[[ SOURCE MATERIAL open ]]

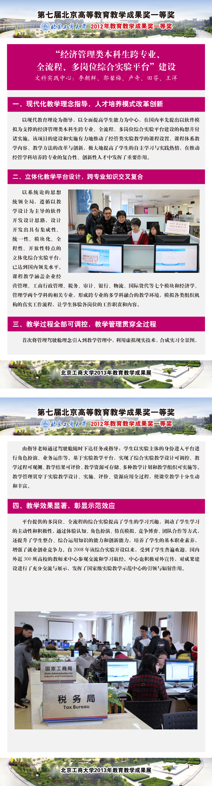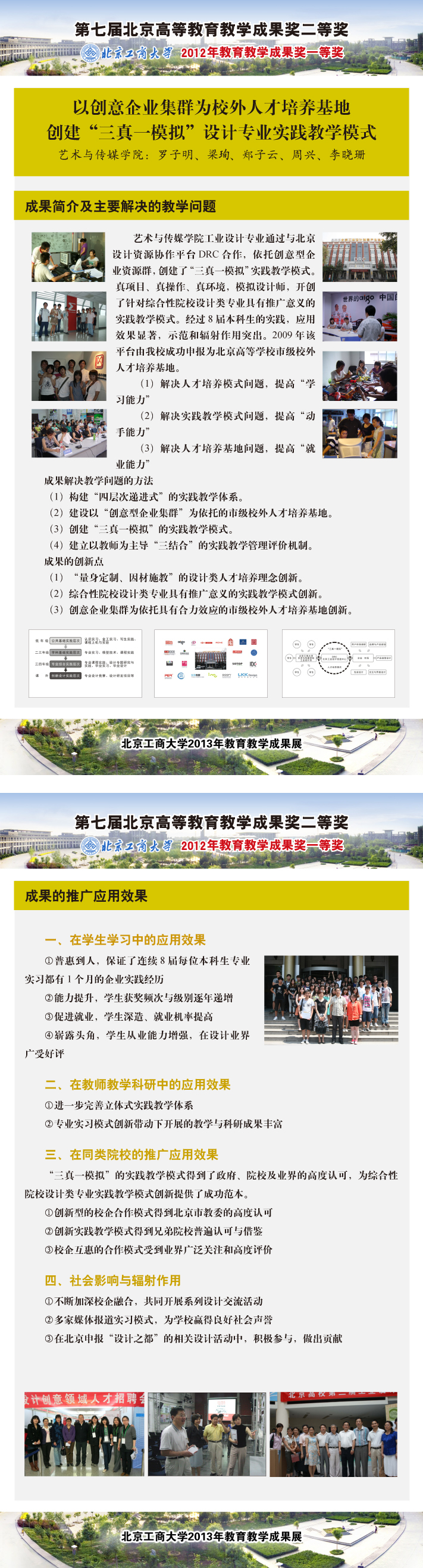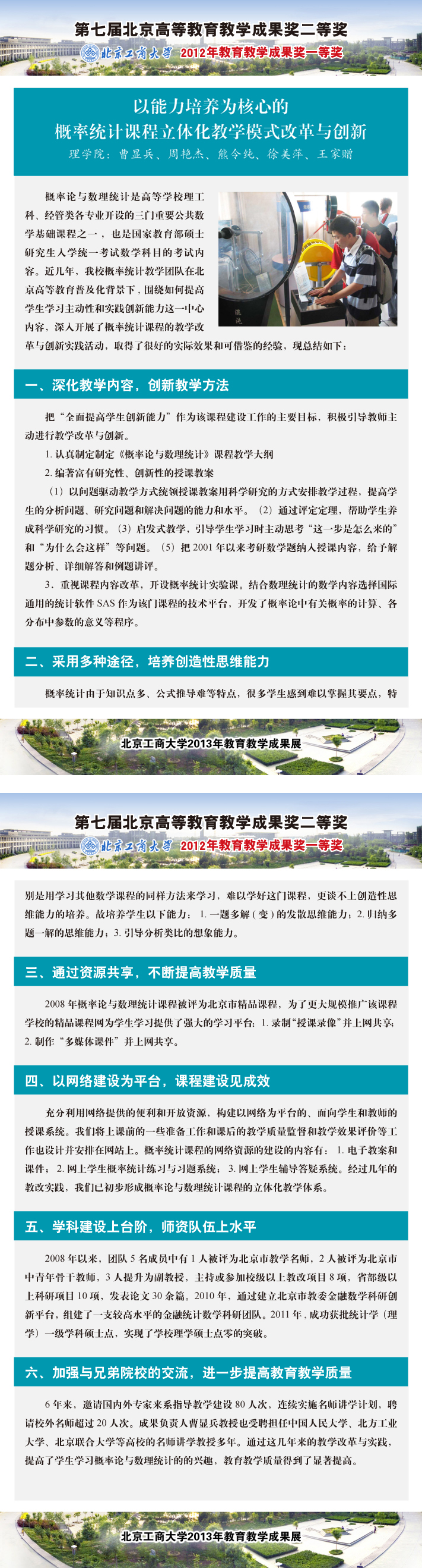 日前,《北京市教育委员会、北京市人力资源和社会保障局、北京市财政局关于表彰北京市教育教学成果奖的决定》(京教人〔2013〕18号)发布。在第七届北京市高等教育教学成果奖评选活动中,我校共有5项成果荣获一等奖、9项成果荣获二等奖。根据北京市教委有关文件精神,为了更好地展示和宣传我校教育教学和人才培养成果,总结本科教育教学经验,营造良好的教学工作氛围,学校举办2013年教育教学成果展,现进行网上展示。
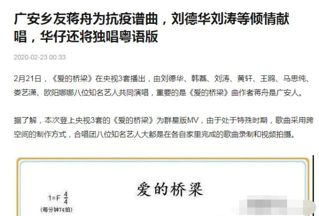 2月21日,由福建籍词作家邹友开作词、省音乐家协会副主席蒋舟作曲的抗疫新歌《爱的桥梁》正式在央视播出。
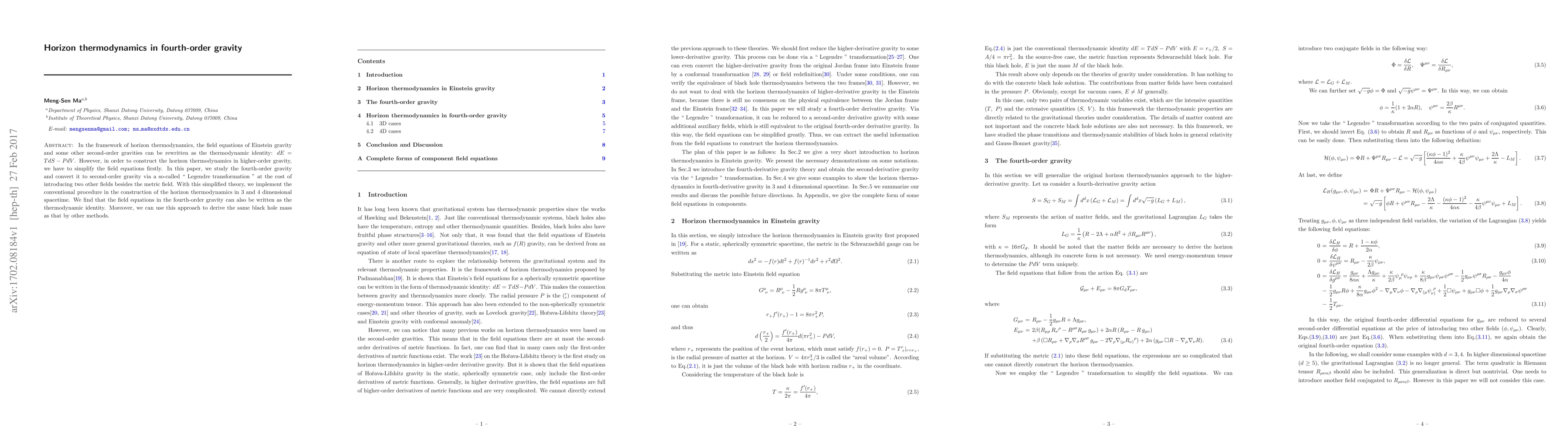 This paper explores the application of horizon thermodynamics to fourth-order gravity by converting it to a simplified second-order form via a Legendre transformation, introducing additional fields. The study confirms that the field equations can be expressed as a thermodynamic identity, consistent with black hole mass calculations from other methods.
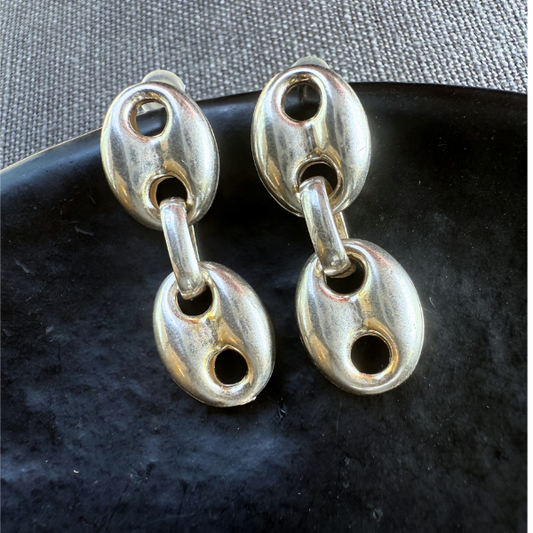 Puffed Mariner XL Double Link Earrings Silver
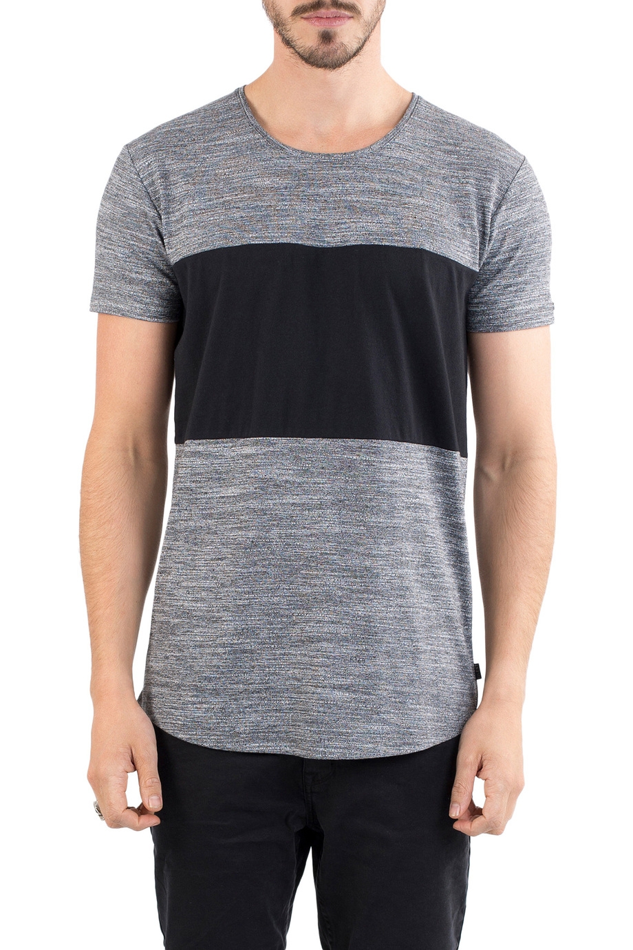 The tee has a crew neckline, short sleeves, scooped hemline and a contract colour chest panel.
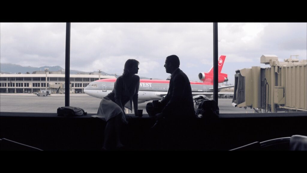 特に印象的なのが、ホテルのロビーでの再会とキスのシーンです。二人の姿を遠目からのシルエットで捉えることで、顔の表情を映さずとも、その愛が個人の感情を超えた普遍的で詩的なものであることを表現しています。これは、PTA監督の非凡なセンスが光る、最もロマンチックな「額縁ショット」と言えるでしょう。

[[ SOURCE MATERIAL closed ]]

EXERCISE BRIEF: I'd like the lines above repeated exactly, from the one that contains "This paper explores" through the one that contains "The tee has", with no pictures.

YOUR SOLUTION:
 This paper explores the application of horizon thermodynamics to fourth-order gravity by converting it to a simplified second-order form via a Legendre transformation, introducing additional fields. The study confirms that the field equations can be expressed as a thermodynamic identity, consistent with black hole mass calculations from other methods.
 Puffed Mariner XL Double Link Earrings Silver
 The tee has a crew neckline, short sleeves, scooped hemline and a contract colour chest panel.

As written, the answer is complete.